Apologies in advance for the verbosity of my explanation for this
problem, but I think it's all pertinent.

I have a fairly simple query which postgresql's query planner seems to
be interpreting / optimising in interesting ways:

Query:

SELECT *
FROM account_transaction
WHERE account_id = 10783
ORDER BY account_transaction_timestamp asc
OFFSET 0
LIMIT 100

Table "public.account_transaction"

(I have stripped the default values etc for the sake of formatting)

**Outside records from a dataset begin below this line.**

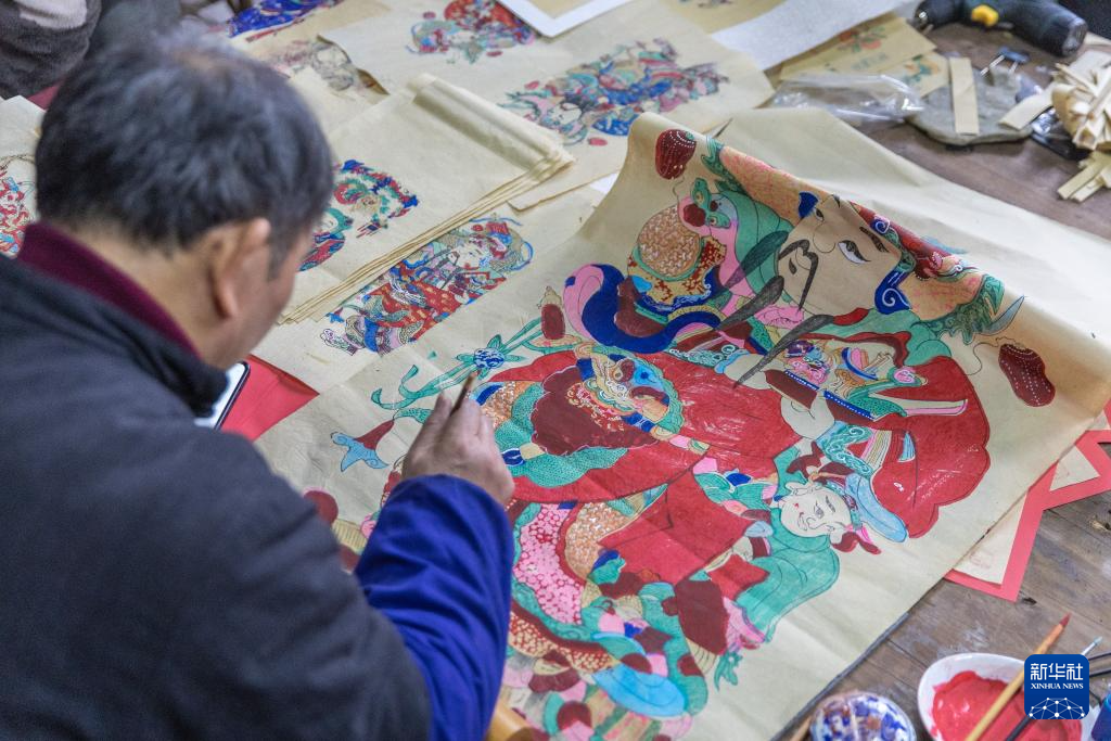 1月14日,在重庆市梁平区屏锦镇,梁平木版年画国家级代表性传承人徐家辉在工作室内为年画描色。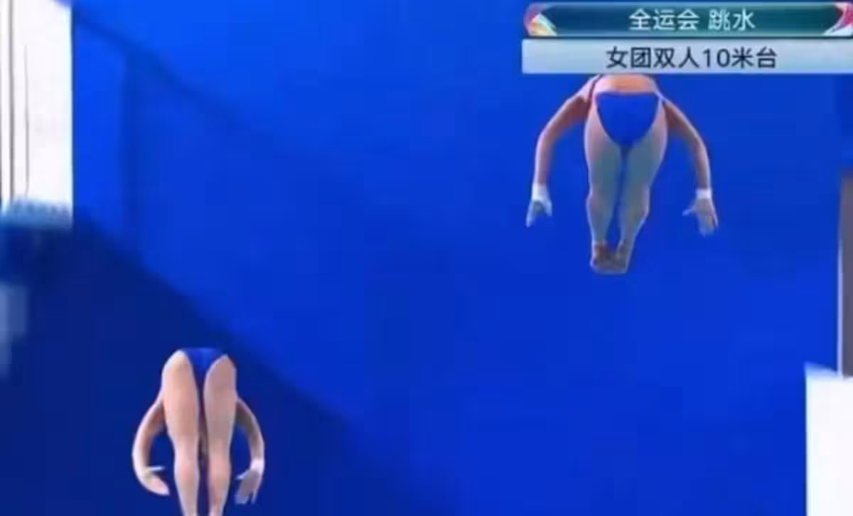 但網友很快發現了問題。 有人曬出兩位選手起跳後在空中的慢鏡頭定格截圖,圖片清晰顯示,全紅嬋與王偉瑩從起跳高度到空中旋轉姿態存在明顯不同步。 甚至有報道描述那張截圖顯示出「兩位選手在空中的旋轉動作,是有多麼的不同步」。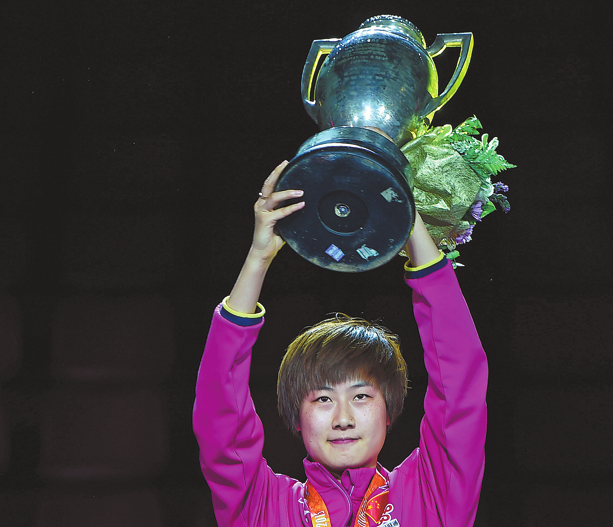 On the international stage, Ding was a three-time Olympic gold medalist. Her singles triumph at the 2016 Rio Olympic Games made her the fifth Chinese female paddler to complete a career Grand Slam — winning at the Olympic Games, world championships and World Cup — after Deng Yaping, Wang Nan, Zhang Yining and Li Xiaoxia.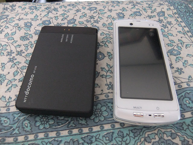 ドコモのモバイル Wi-Fi ルータは二種類あって、BF-01B と HW-01C とがある。HW-01C の方が新しく、また 3DS などにも対応しているらしいのだが、電池の持ち時間が 4 時間。BF-01B は 6 時間である。ただ連続待ち時間は圧倒的に HW-01C の方が長く、BF-01B が 30 時間なのに対して、HW-01C は 100 時間である。でもボクの使い方からして、待ち時間より実際の連続通信時間の方が重要だろうと言うことで、古いけれども BF-01B を選んだ。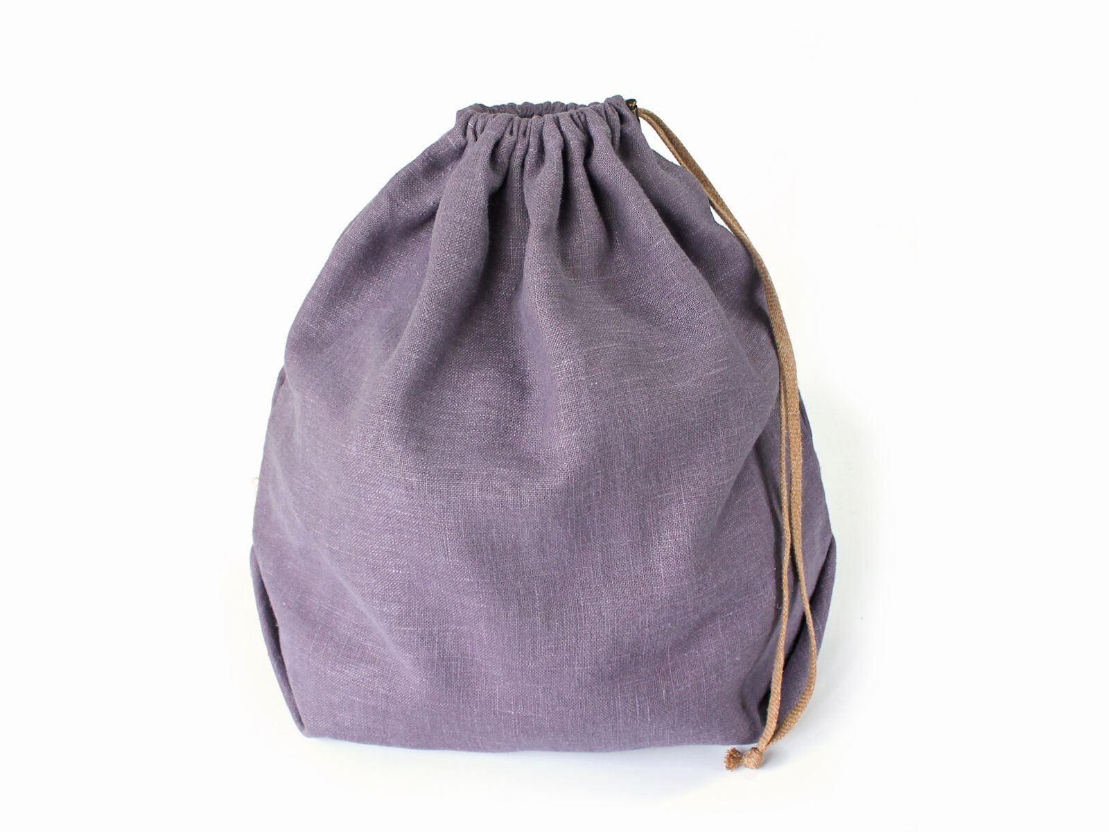 自然でさりげない、シンプルな基本の巾着袋、リネンキャンバスタイプ。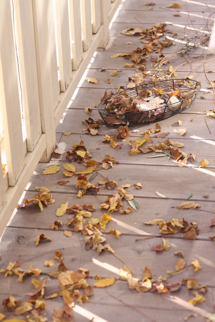 時を経たウッドデッキの床に白く塗られた手摺、吹き寄せられた枯れ葉、さりげなく置かれたワイヤーの入れ物・・奥行きのある立体的な構図でまとめられて素敵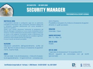 Il documento descrive un corso di formazione per diventare 'security manager', obbligatorio dal 16 settembre 2012 per gli istituti di vigilanza privati. Il corso, della durata di 100 ore, è tenuto da docenti accreditati e prevede esami periodici e un attestato finale per i partecipanti che superano il test. È previsto un costo di 1.900€ e le iscrizioni devono essere confermate almeno 10 giorni prima dell'inizio del corso.

            Column             |           Type           |
-------------------------------+--------------------------+
 account_transaction_id        | bigint                   |
 account_transaction_timestamp | timestamp with time zone |
 account_id                    | integer                  |
 other_account_transaction_id  | bigint                   |
 transaction_reason            | text                     |
 transaction_amount            | numeric(15,2)            |
 transaction_exchange_rate     | numeric(20,10)           |
 transaction_base_amount       | numeric(15,2)            |
 transaction_locked_until      | timestamp with time zone |
 transaction_approved          | boolean                  |
Indexes:
    "account_transaction_pkey" PRIMARY KEY, btree (account_transaction_id),
     tablespace "indexes"
    "account_transaction_ai" btree (account_id), tablespace "indexes"
    "account_transaction_timestamp" btree (account_transaction_timestamp),
     tablespace "indexes"
    "account_transaction_tlu" btree (transaction_locked_until),
     tablespace "indexes"
Foreign-key constraints:
    "$1" FOREIGN KEY (account_id) REFERENCES
      account(account_id)
    "$2" FOREIGN KEY (other_account_transaction_id) REFERENCES
      account_transaction(account_transaction_id) ON UPDATE CASCADE

Query Plans:

With Sort and Limit
---------------------------------------------------------------------------------
                                    QUERY
PLAN
---------------------------------------------------------------------------------
 Limit  (cost=0.00..12297.59 rows=100 width=120)
 (actual time=23.537..275476.496 rows=100 loops=1)
   ->  Index Scan Backward using account_transaction_timestamp on
       account_transaction
       (cost=0.00..640704.23 rows=5210 width=120)
       (actual time=23.529..275475.781 rows=100 loops=1)
         Filter: (account_id = 10783)
 Total runtime: 275476.944 ms


With Sort but no Limit
--------------------------------------------------------------------------------
                                    QUERY
PLAN
--------------------------------------------------------------------------------
 Sort  (cost=18777.41..18790.43 rows=5210 width=120)
 (actual time=1081.226..1082.170 rows=308 loops=1)
   Sort Key: account_transaction_timestamp
   ->  Index Scan using account_transaction_ai on account_transaction
       (cost=0.00..18455.77 rows=5210 width=120)
       (actual time=47.731..1070.788 rows=308 loops=1)
         Index Cond: (account_id = 10783)
 Total runtime: 1083.182 ms

With Limit but no Sort
---------------------------------------------------------------------------------
                                    QUERY
PLAN
---------------------------------------------------------------------------------
 Limit  (cost=0.00..354.24 rows=100 width=120)
 (actual time=0.029..1.070 rows=100 loops=1)
   ->  Index Scan using account_transaction_ai on account_transaction
       (cost=0.00..18455.77 rows=5210 width=120)
       (actual time=0.022..0.467 rows=100 loops=1)
         Index Cond: (account_id = 10783)
 Total runtime: 1.422 ms

With Limit and Sort, but sorted by transaction_base_amount
---------------------------------------------------------------------------------
                                    QUERY
PLAN
---------------------------------------------------------------------------------
 Limit  (cost=18777.41..18777.66 rows=100 width=120)
 (actual time=55.294..56.221 rows=100 loops=1)
   ->  Sort  (cost=18777.41..18790.43 rows=5210 width=120)
       (actual time=55.285..55.600 rows=100 loops=1)
         Sort Key: transaction_base_amount
         ->  Index Scan using account_transaction_ai on
account_transaction
             (cost=0.00..18455.77 rows=5210 width=120)
             (actual time=0.057..53.187 rows=308 loops=1)
               Index Cond: (account_id = 10783)
 Total runtime: 56.597 ms

The table currently contains about 10 million records.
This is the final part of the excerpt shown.